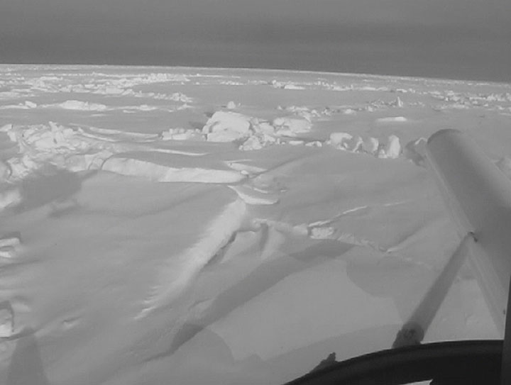 On the following day, 09 September 2013, at 1638,Footnote 4 flight CCG364 took off from the CCGS Amundsen with the pilot, the master and a scientist on board. The scientist, seated in the passenger seat on the left, was equippedFootnote 5 to conduct ice thickness measurements. The master, seated behind the scientist, was on board to conduct an ice reconnaissance mission in order to determine the CCGS Amundsen's best route to the next scientific station located west of Banks Island. Northerly winds had moved the ice to the southern portion of M'Clure Strait, resulting in close- to very close-pack old iceFootnote 6 along the western north shore of Banks Island. An ice service specialistFootnote 7 is normally on board Canadian Coast Guard (CCG) vessels assigned to most arctic operations, including scientific missions. However, there was none for this mission.
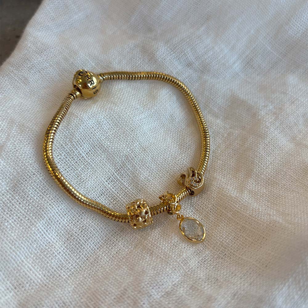 Moving Crystal - Hænger Charm 4 mm Til Armbånd - Forgyldt Sterling Sølv m. 1 Krystalkvarts
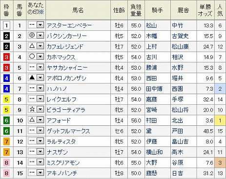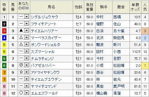 門別12R エトワール賞ダート1200m 発走20:35 (見解) 層が薄い道営スプリント界3歳馬も混じり難解な一戦 大外だが捌きがスムーズになりいい方に出そうな◎ 12 タイセイアドミラル外から豪快に差し切り期待。 当地同条件でクラーベセクレタと僅差し力ある〇 5 クイックスター JRA準OPで地力ある▲ 11 ギンゲイもここでは大崩れはないだろう。 あとは かなり不利だが末脚活きれば△ 2 ロクイチスマイル 人気しているが勢いある △ 4 アベニンプラナス 今度は適距離で警戒必要な☆ 6 リバーキンタロー 本線 3連複 1頭軸 12(2.4.5.6.11) 押さえ 3連複 1頭軸 5(2.4.6.11) ぽちっとよろしくねにほんブログ村
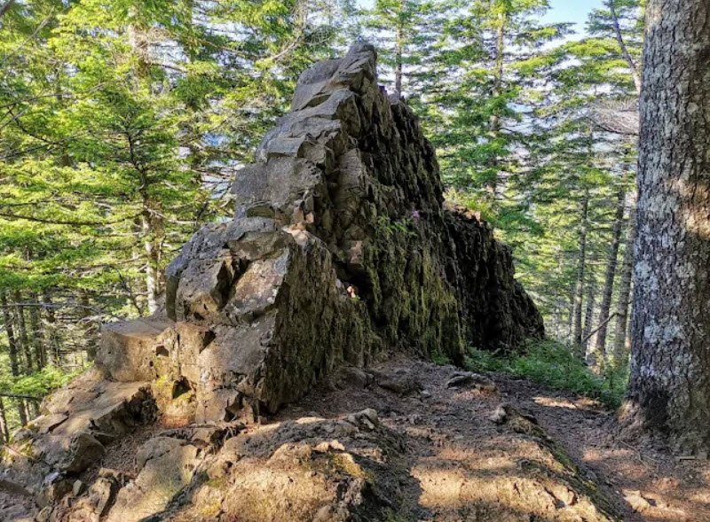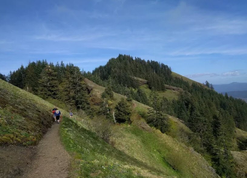 Accessible via Saddle Mountain Road off U.S. Route 26 about 20 miles from Seaside, it offers a challenging 2.5-mile round-trip hiking trail from a picnic area with restrooms, climbing 1,634 feet through old-growth forests of cedar, hemlock, and spruce, grassy balds, and rocky slopes stabilized by wire mesh, best suited for experienced hikers with proper gear due to steep, slick sections and rapidly changing weather.
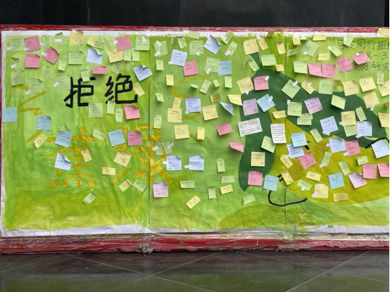 活动当日,各位同学先有序进行签到,再拿出准备好的便签和笔,将自己的烦恼、忧愁,还有愿望、期盼等写在便签上并贴在展板上,代表希望的绿色展板瞬间变成了同学们倾诉解压的粘贴板。这样同学们不仅能表达自己的烦恼与困扰,也能够为其他同学提出自己的疏导方法。
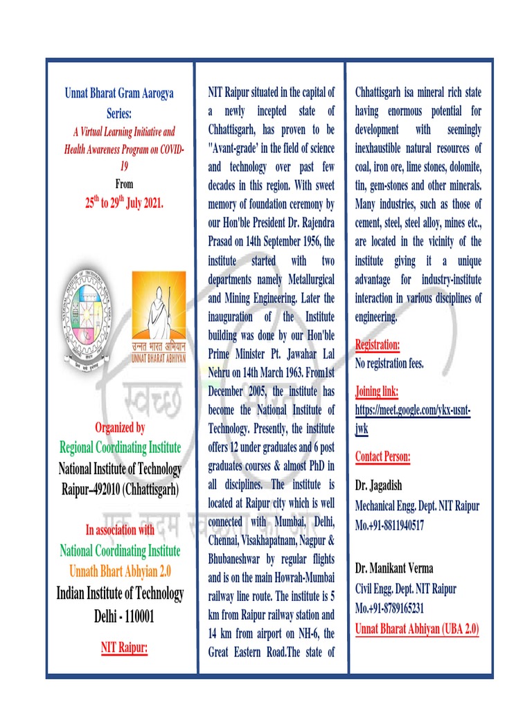 Unnat Bharat Gram Aarogya NIT Raipur situated in the capital of Chhattisgarh isa mineral rich state

--------

* [Problem statement] The whole listing above must be set down again exactly, but without its images.

* [Your solution]
 On the following day, 09 September 2013, at 1638,Footnote 4 flight CCG364 took off from the CCGS Amundsen with the pilot, the master and a scientist on board. The scientist, seated in the passenger seat on the left, was equippedFootnote 5 to conduct ice thickness measurements. The master, seated behind the scientist, was on board to conduct an ice reconnaissance mission in order to determine the CCGS Amundsen's best route to the next scientific station located west of Banks Island. Northerly winds had moved the ice to the southern portion of M'Clure Strait, resulting in close- to very close-pack old iceFootnote 6 along the western north shore of Banks Island. An ice service specialistFootnote 7 is normally on board Canadian Coast Guard (CCG) vessels assigned to most arctic operations, including scientific missions. However, there was none for this mission.
 Moving Crystal - Hænger Charm 4 mm Til Armbånd - Forgyldt Sterling Sølv m. 1 Krystalkvarts
 門別12R エトワール賞ダート1200m 発走20:35 (見解) 層が薄い道営スプリント界3歳馬も混じり難解な一戦 大外だが捌きがスムーズになりいい方に出そうな◎ 12 タイセイアドミラル外から豪快に差し切り期待。 当地同条件でクラーベセクレタと僅差し力ある〇 5 クイックスター JRA準OPで地力ある▲ 11 ギンゲイもここでは大崩れはないだろう。 あとは かなり不利だが末脚活きれば△ 2 ロクイチスマイル 人気しているが勢いある △ 4 アベニンプラナス 今度は適距離で警戒必要な☆ 6 リバーキンタロー 本線 3連複 1頭軸 12(2.4.5.6.11) 押さえ 3連複 1頭軸 5(2.4.6.11) ぽちっとよろしくねにほんブログ村
 Accessible via Saddle Mountain Road off U.S. Route 26 about 20 miles from Seaside, it offers a challenging 2.5-mile round-trip hiking trail from a picnic area with restrooms, climbing 1,634 feet through old-growth forests of cedar, hemlock, and spruce, grassy balds, and rocky slopes stabilized by wire mesh, best suited for experienced hikers with proper gear due to steep, slick sections and rapidly changing weather.
 活动当日,各位同学先有序进行签到,再拿出准备好的便签和笔,将自己的烦恼、忧愁,还有愿望、期盼等写在便签上并贴在展板上,代表希望的绿色展板瞬间变成了同学们倾诉解压的粘贴板。这样同学们不仅能表达自己的烦恼与困扰,也能够为其他同学提出自己的疏导方法。
 Unnat Bharat Gram Aarogya NIT Raipur situated in the capital of Chhattisgarh isa mineral rich state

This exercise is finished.